This question already has an answer here:
As the title says, what is exactly what is being tested before deciding to use a non-parametric alternative test (as Kruskal-Wallis for ANOVA, or Mann-Whitney's U for student's t)?
Most sources are not specific on this issue, being content with just referring to the "normality of the data" (e.g. statistics how to). This leaves us with two options, either the normality of the residuals or the normality of the response variable, and looking online both arguments are used.
For "data normality" as "response normality" we have other sources (e.g. Boston University School of Public Health, and here). For example, in the Biostatistics Handbook by John McDonald which on his Kruskal-Wallis section refers to the normality assumption, which gives a sequence of examples of normality testing on histograms and distributions of different response variables:
Parametric tests assume that your data fit the normal distribution.

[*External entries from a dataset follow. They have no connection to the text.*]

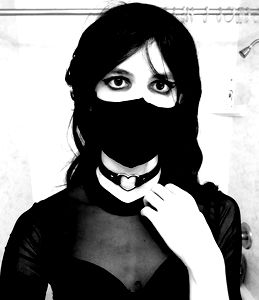 This image features an individual, presumably a woman, showcasing an expression of the goth subculture. The black and white color scheme emphasizes the atmospheric horror theme. She's wearing a masque, a notable element of the Halloween costume she is donned in. The masque covers the majority of her face, leaving her lips exposed, which contributes to the element of suspense and mystery. The mask is designed intricately, further enhancing the horror vibe. It's suggestive of a human face, but distorted and unsettling, which is a key aspect of the horror genre. It's clear the person is indoors, with a simple, unadorned wall in the background. This simplicity allows the viewer to focus entirely on the person and their striking costume. Her clothing, although not distinctly visible, complements the overall dark theme. The costume is designed to incite a sense of fear or unease, which it does effectively. The overall mood is chilling and eerie, perfectly embodying the essence of a Halloween horror theme.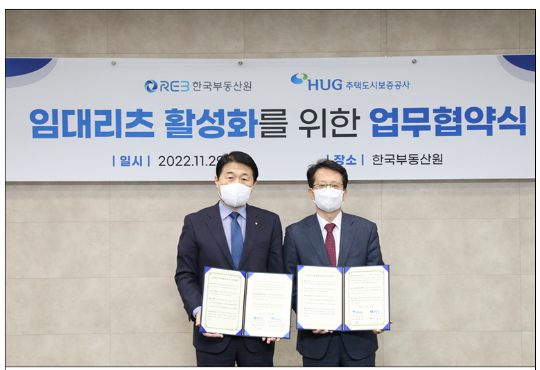 한국부동산원은 29일 한국부동산원 본사에서 주택도시보증공사(사장직무대행 이병훈, 이하 HUG)와 임대리츠 활성화를 위한 업무협약(MOU)을 체결했다고 밝혔다.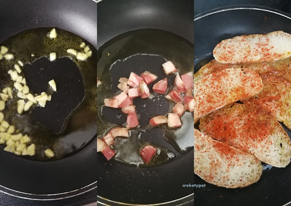 ELABORACIÓN: En una sartén ponemos un poco aceite de oliva AOVE, doramos unos ajos y los reservamos, añadimos unos tacos de jamón y los salteamos, se reservan, cortamos el pan en rodajas y lo salteamos en la sartén, para que fría un poco le añadimos el pimentón, le damos una vuelta y lo pasamos a una olla.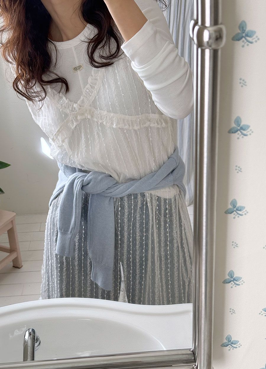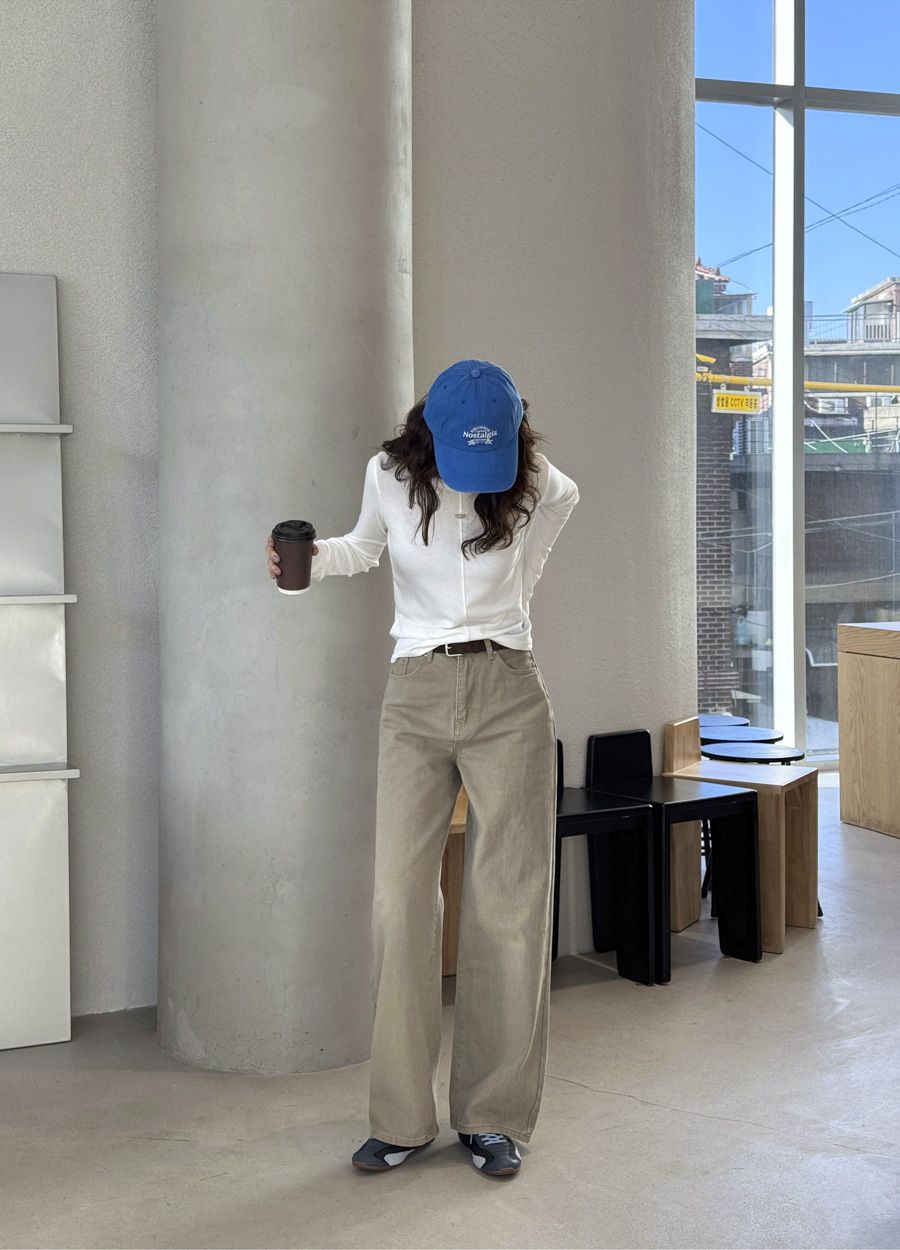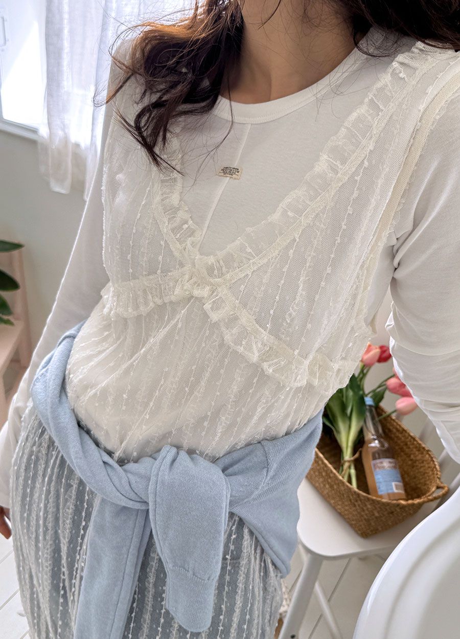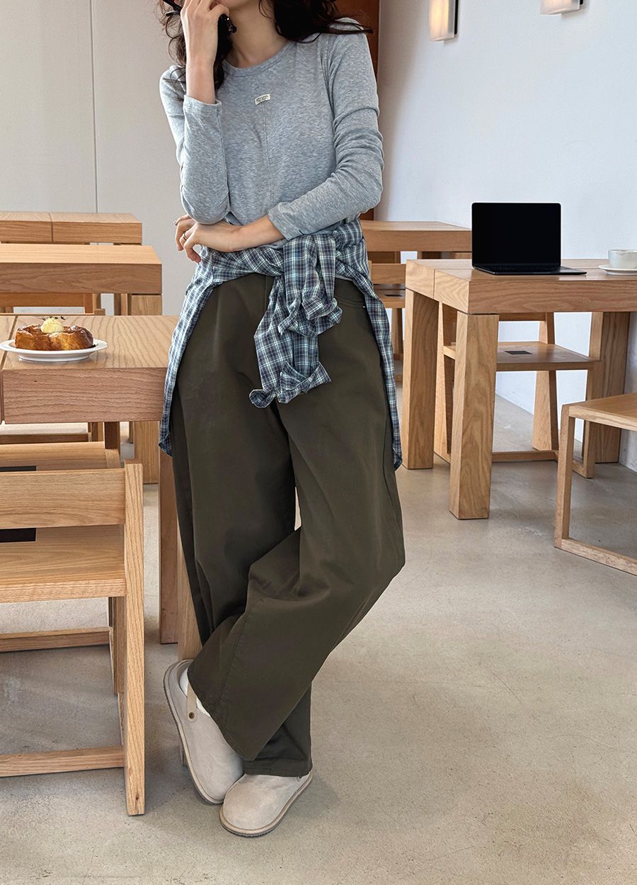 【C55991】韓國MBL 字母布標長袖-切割車線圓領輕薄貼身內搭上衣★★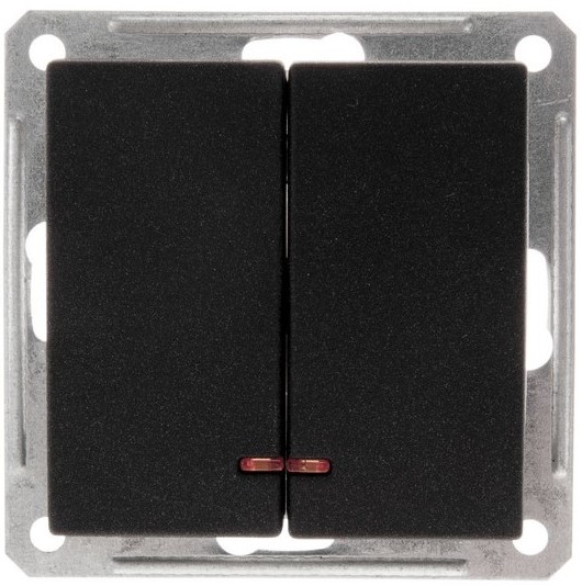 • Выключатель 2-клавишный (схема 5) с индикацией 16A Wessen 59 Черный бархат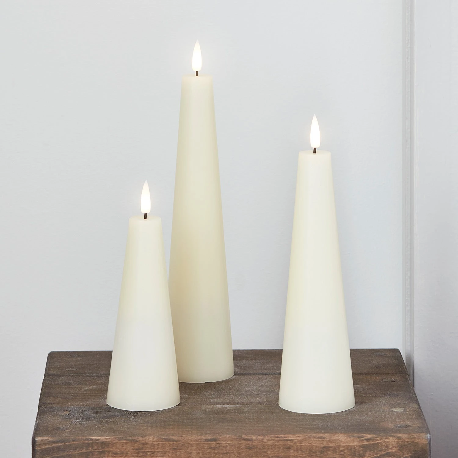 Ganz neu und exklusiv: Dieses Trio aus elfenbeinfarbenen TruGlow® Kerzen sorgt für elegantes Flair in deinem Zuhause! Die Kerzen bestehen aus handgegossenem Echtwachs und ihre realistisch flackernden LED-Flammen tauchen deine Räume in ein beruhigendes Licht. Die moderne Kegelform in den drei unterschiedlichen Höhen von 27cm, 22,5cm und 17,5cm macht jede Kerze zu einem einzigartigen Deko-Element. Lege einfach 2 x AA Batterien in den Boden jeder Kerze ein und verwende den 6-Stunden-Timer, wenn sie jeden Abend zur gleichen Zeit leuchten sollen.

If your measurement variable is not normally distributed, you may be increasing your chance of a false positive result if you analyze the data with a test that assumes normality.
Also stating that residuals come as a second option:
If there are not enough observations in each group to check normality, you may want to examine the residuals (each observation minus the mean of its group).
On the other hand, for "residual normality", Wikipedia is on board with it:
Since it is a non-parametric method, the Kruskal–Wallis test does not assume a normal distribution of the residuals, unlike the analogous one-way analysis of variance.
As well as other answers on this website (where in fact the accepted, but not top voted, answer refers to response variable normality)
I am inclined to think it is residual normality what matters, but I am actually curious on why it seems to be such a common error—that actually makes its way into academic contexts, handbooks and "general knowledge"—and if there's some weight or sense into the "response variable normality" position.